In THIS world, one has to make compromises. For me, the decision to stop working was made for me due to medical circumstances, but the decision to STAY at home after my children were born was all mine. This is the compromise I made. My former career, for this new version of my life. It's one that I would likely make again and one that in hindsight, made me realize how much I was trying to play the game of "work/career" with a set of rules that were never going to let me win. So, yeah, I forfeited the game and 'opted out'.

And so the two sides of me sometimes get into a bit of a kerfuffle with each other over this. I strive to be an example for my own children of living a wholehearted life and valuing myself and my work, both as a stay at home mother and as a feminist, but the guilt of not being the ideal or "perfect" version for either of these sometimes still gets to me.

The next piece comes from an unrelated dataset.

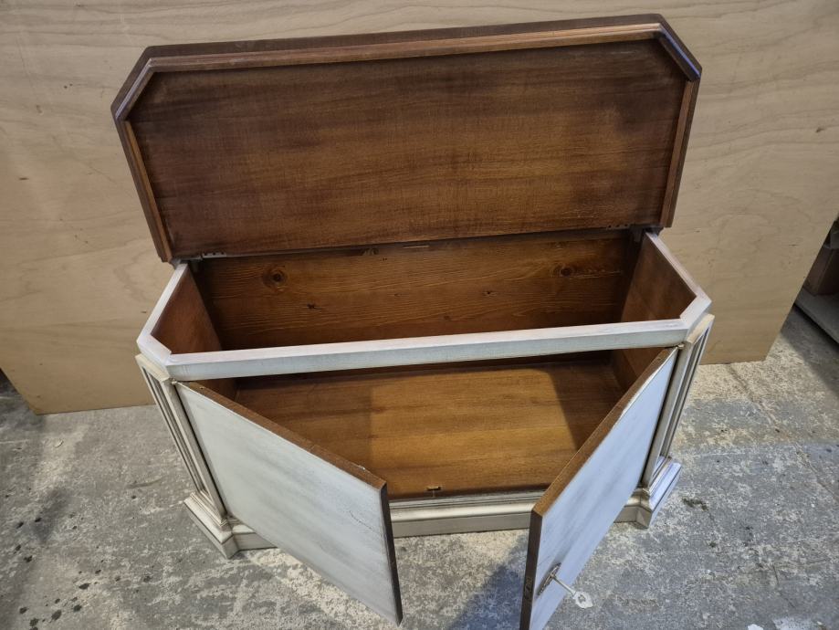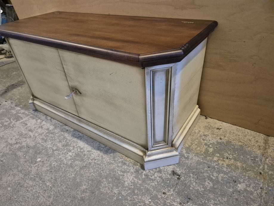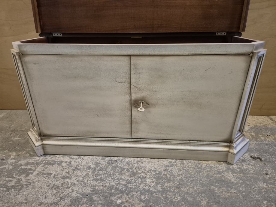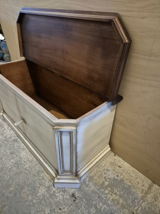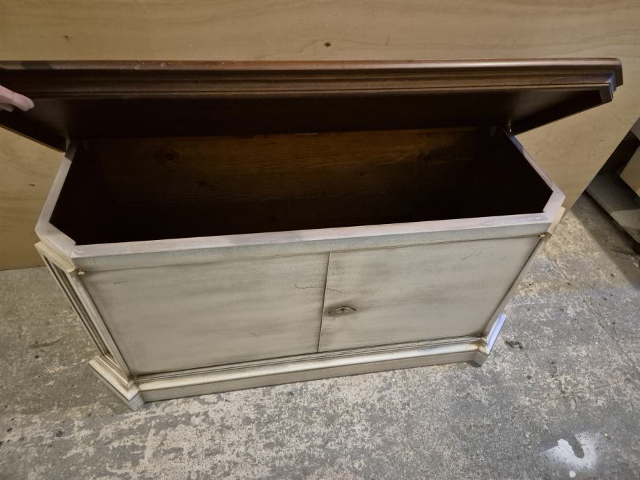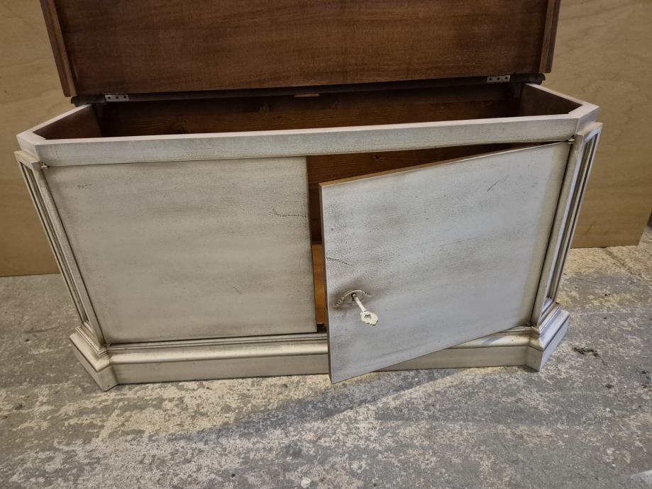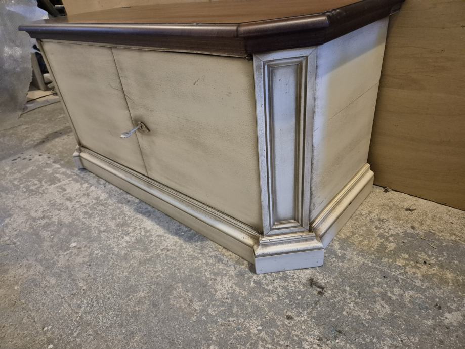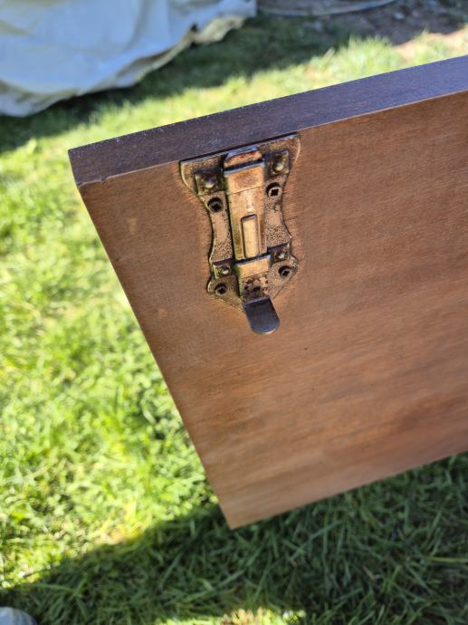 Lakirana u više boja..ploha detalji sa imitacijom starog drveta i pohabanosti..imam slike gdje se vidi da je namjerno tako rađeno tko je"nevjerni Toma"..ima I video tko treba...uglavnom sve sve tip top ..prekrasne kombinacije boja...imitacija crvica kao da je od jedne daske rađeno dvoje vrata ,,i di se prenosi imitacija crvotočine ...to je finta naravno.

Today I came across this post from Karen Walrond, photographer and blogger extraordinaire, and someone I had the pleasure of both meeting and hearing speak at Mom 2.014 last week. Here's what she had to say about comparison.

"I believe that comparison -- that is, comparing yourself or your work or your art with another person('s) -- is ultimately and almost without exception a waste of time. In my opinion, when you compare yourself with someone, you're comparing all of you -- your work, your thoughts about your own work, the effort behind your work, your thoughts about yourself -- with the appearance of someone else or their work at one instance in time, having no knowledge of its context. In other words, comparing yourself or your work with anyone else or their work is inherently an unfair comparison. It should be avoided. Besides, I do believe that it is patently impossible to create effectively in someone else's voice -- the inevitable result is disappointment. Accepting that you will do what you do differently from everyone else is incredibly freeing, and should be lived whole-heartedly."

This made me think... do you know what I do differently from everyone else?

I do this whole Stay at Home Feminist thing differently than anyone else. I know that in however small the ways may be, I AM affecting change. I am giving a voice, my voice, to other mothers and women in the world of feminism and beyond. And I am going to do my darnedest for the rest of my life to make sure that motherhood does not remain "the unfinished business of feminism".